An example of poorly defined behavior is “acting up,” or “being good.” A well-defined behavior would be running around the room (bad) or starting homework on time (good).

Types Of Behavior

·      Skill behavior :- Means which is socially accepted and it is an age appropriate.

·      Problem behavior :- Means which is not socially accepted and it is not age appropriate.

Adaptive Behavior (Skill Behavior)

·      The adaptive behavior in general refers to the way in which an individual function in his/her social environment.

·      The AAMR (1977) defines adaptive behavior as the effectiveness or degree with which an individual meets the standard of personal independence and social responsibilities expected of his/her environment.

Types Of Skill Behavior

·      Motor

·      Activities of daily living

·      Language

·      Reading and writing

·      Number and time

·      Domestic and social

·      Pre- vocational and money

Problem  Behavior

·      Problem behavior is defined as those behaviors are not age inappropriate, socially not accepted, injurious to self and others and which is interfering teaching learning process.

Types Of Problem Behavior/Mal-Adaptive Behavior

·      Violent And Distructive Behavior Example : tear books

·      Temper Tantrums. Example : screams rolls on the floor .

·      Misbehavior With Others .Example: Pulls object from others

·      Self Injurious Behavior. Example : Head banging

·      Repetitive Behaviors: Example: Rocks body, flapping hands.

·      Odd Behavior. Example: Laughs  or talk to self without reasons.

·      Hyperactive Behaviors  Example: Does not sit at one place for required time .

·      Rebellious Behavior . Example: Refuses to obey command .

·      Anti-Social Behaviors. Example: Steals ,cheats in games .

·      Fears.
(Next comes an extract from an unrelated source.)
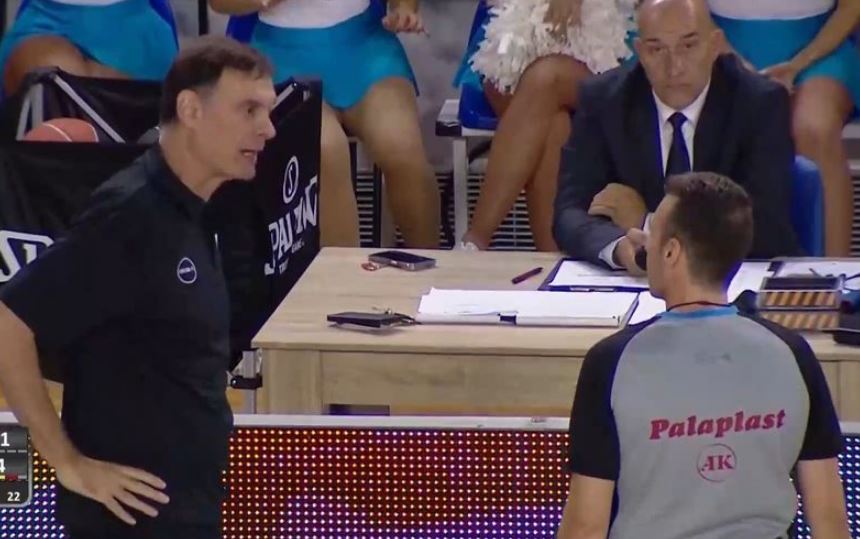 Ο Γιώργος Μπαρτζώκας είχε μια σύντομη στιχομυθία με τον Παπαπέτρου και την υπόλοιπη διαιτητική ομάδα που σφυρίζει τον τελικό του Super Cup ανάμεσα σε Ολυμπιακό και Παναθηναϊκό στο κλειστό της Ρόδου.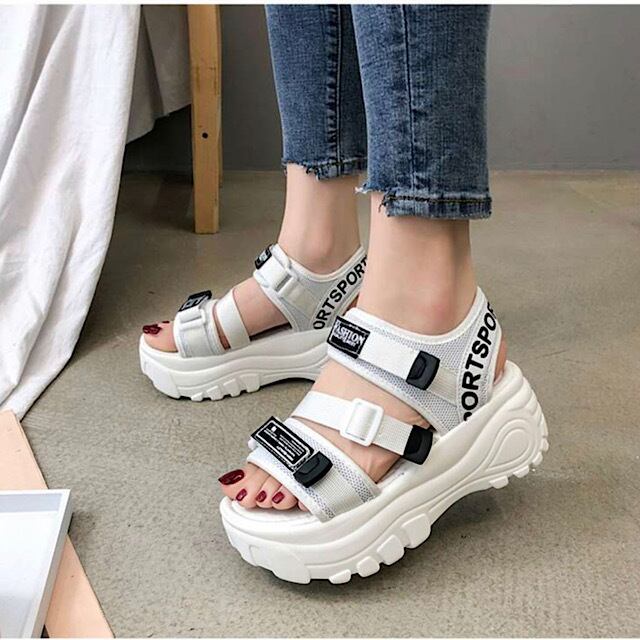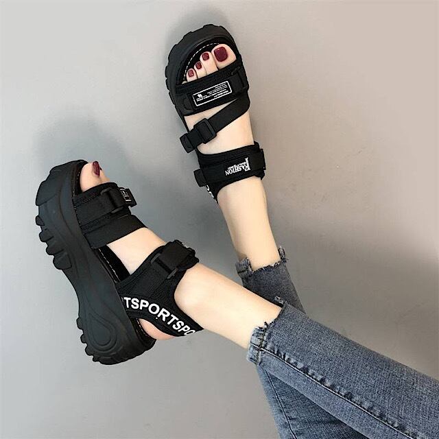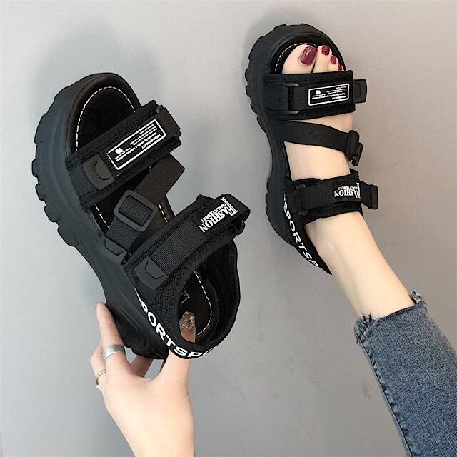 《入荷待ち》 レディース 厚底 スポーツサンダル 美脚効果 ウェッジソール サンダル カジュアル シンプル ゴツめ

Example: Fears of place ,person ,animals and object.

 

2. Functional Analysis of Behaviours

Functional Analysis of Behavior

Purpose:

·      To identify the variables of which behavior is a function; to discover "cause-effect ”

relations (Skinner, 1953)

 Goals:

·      Understanding

·      Treatment

·      Prevention

Functional behavioural assessment (FBA) is a precise description of a behaviour, its context, and its consequences, with the intent of better understanding the behaviour and those factors influencing it.
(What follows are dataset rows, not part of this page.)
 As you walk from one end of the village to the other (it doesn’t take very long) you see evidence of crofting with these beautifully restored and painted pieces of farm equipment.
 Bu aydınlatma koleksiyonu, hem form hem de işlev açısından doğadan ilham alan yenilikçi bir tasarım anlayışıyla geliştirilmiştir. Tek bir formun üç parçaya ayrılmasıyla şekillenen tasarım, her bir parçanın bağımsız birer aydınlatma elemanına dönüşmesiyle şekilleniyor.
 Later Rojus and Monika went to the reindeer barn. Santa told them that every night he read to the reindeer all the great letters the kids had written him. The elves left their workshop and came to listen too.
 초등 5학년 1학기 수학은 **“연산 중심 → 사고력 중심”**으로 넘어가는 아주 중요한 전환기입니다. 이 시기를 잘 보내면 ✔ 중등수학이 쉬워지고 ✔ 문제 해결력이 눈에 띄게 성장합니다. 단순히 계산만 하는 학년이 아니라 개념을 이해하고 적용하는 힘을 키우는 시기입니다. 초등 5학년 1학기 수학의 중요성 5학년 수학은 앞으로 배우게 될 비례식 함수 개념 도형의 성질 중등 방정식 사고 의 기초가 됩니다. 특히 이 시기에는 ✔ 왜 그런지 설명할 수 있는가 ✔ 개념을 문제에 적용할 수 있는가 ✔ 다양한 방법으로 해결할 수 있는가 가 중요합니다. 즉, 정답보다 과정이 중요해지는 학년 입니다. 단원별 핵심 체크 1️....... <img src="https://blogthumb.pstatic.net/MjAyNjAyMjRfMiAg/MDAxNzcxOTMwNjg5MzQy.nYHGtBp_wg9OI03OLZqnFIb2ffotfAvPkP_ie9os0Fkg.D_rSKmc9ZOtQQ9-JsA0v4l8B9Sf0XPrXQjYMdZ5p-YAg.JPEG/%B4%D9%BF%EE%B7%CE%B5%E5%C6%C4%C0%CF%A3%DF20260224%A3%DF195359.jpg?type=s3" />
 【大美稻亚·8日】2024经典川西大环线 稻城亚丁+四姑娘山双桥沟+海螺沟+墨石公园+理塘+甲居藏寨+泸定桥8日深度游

The purpose of the FBA of behaviour is to determine which contingencies maintain an individual‟s problem behaviour.

Approaches to assessment

1) Indirect Assessment

2) Direct Descriptive Assessment

3) Functional (Experimental) Analysis

These approaches differ in terms of the type of data collected and the extent to which environmental events are merely observed or actually manipulated during the course of assessment.

Indirect (Anecdotal) Methods

General Characteristics

·      Focus on circumstances under which behavior occurs

·      Based on informant recall

·      Data: verbal report (interview, checklist, rating scale)

Strengths

·      No risk to individual  Simplicity (requires little skill)
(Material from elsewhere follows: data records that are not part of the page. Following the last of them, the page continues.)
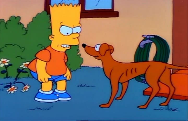 Lisa's being consoled by Marge, who later tells Bart that he could only come out if he apologizes to Lisa and truly means it. Bart emphatically passes, insisting that he's not in the wrong and runs off. He's joined by Santa's Little Helper, who's kicked out by Homer, and the pair head off to celebrate Thanksgiving in their own way. Doing so at Mr. Burns' mansion definitely doesn't work, and it's also followed by Bart actually donating blood--receiving $12 and a chocolate chip cookie for doing so. Seriously, Santa's Little Helper gobbling the cookie after Bart faints was just cute.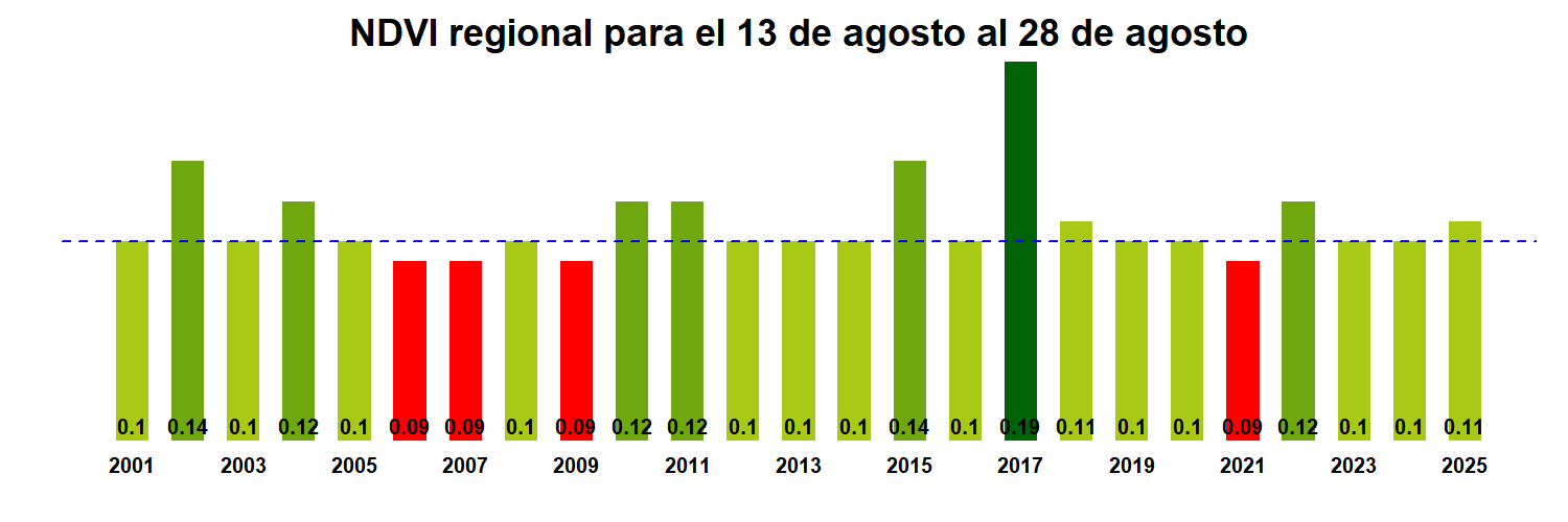 Para esta quincena se observa un NDVI promedio regional de 0.11 mientras el año pasado había sido de 0.1. El valor promedio histórico para esta región, en este período del año es de 0.11.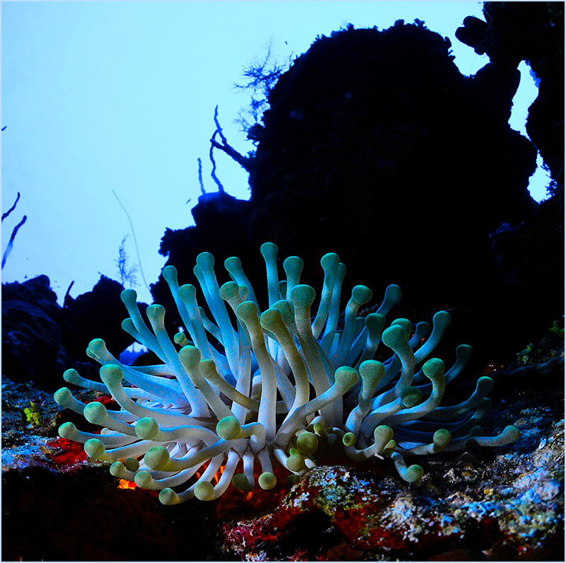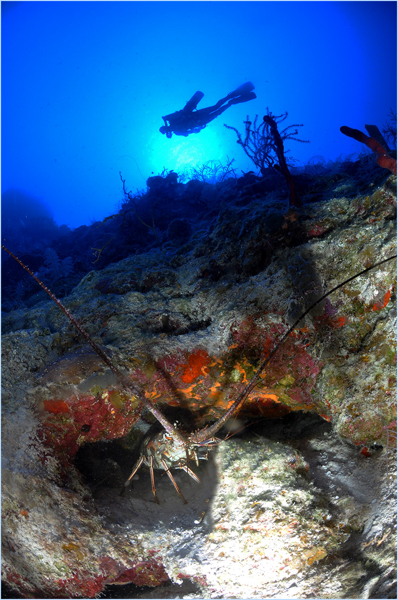 Holding your descent, you’ll notice the playful nudge of the placid current accompany you as you turn to observe the magnificent wall formations that curve sharply along the contour of the island. You’ll observe the strange and mysterious long arms of the black corals jutting away from their rocky anchors, bridging into the clear blue water. While noting how they oddly resemble the fruitless branches of autumn’s barren trees. Occasionally, a curious, lonely lobster will peek out to observe your presence, stretching out their antennas, keenly detecting your vibe as they purposely watch you swim past.

·      Efficiency (takes 10-30 min to complete)

·      Structured method for gathering information

·      Potentially useful as initial guide to assessment

Limitations

·      Highly subjective data – guesses

·      Poor reliability and questionable validity

·      Insufficient for treatment development

Suggestions for Implementation

·      Use as preliminary guide only

·      Use multiple, relevant informants

·      Follow-up with functional analysis

Descriptive (Naturalistic) Analysis

Purpose

·      To identify naturally occurring, observable antecedents and consequences of behavior

 Typical procedure

·      Define target behavior(s) to be observed

·      Specify criteria for antecedent and consequent events

·      Occurrence of B Record A, B, and C

·      Organize A and C clusters

·      Generate hypothesis based on A-C correlations with B

Strengths

·      Objective and (usually) quantitative data

·      Behavior sampled in relevant settings

·      Identifies correlations: “ When I see X, I also see Y ”

 Limitations

·      Requires lengthy observation under varied conditions (event sampling problem)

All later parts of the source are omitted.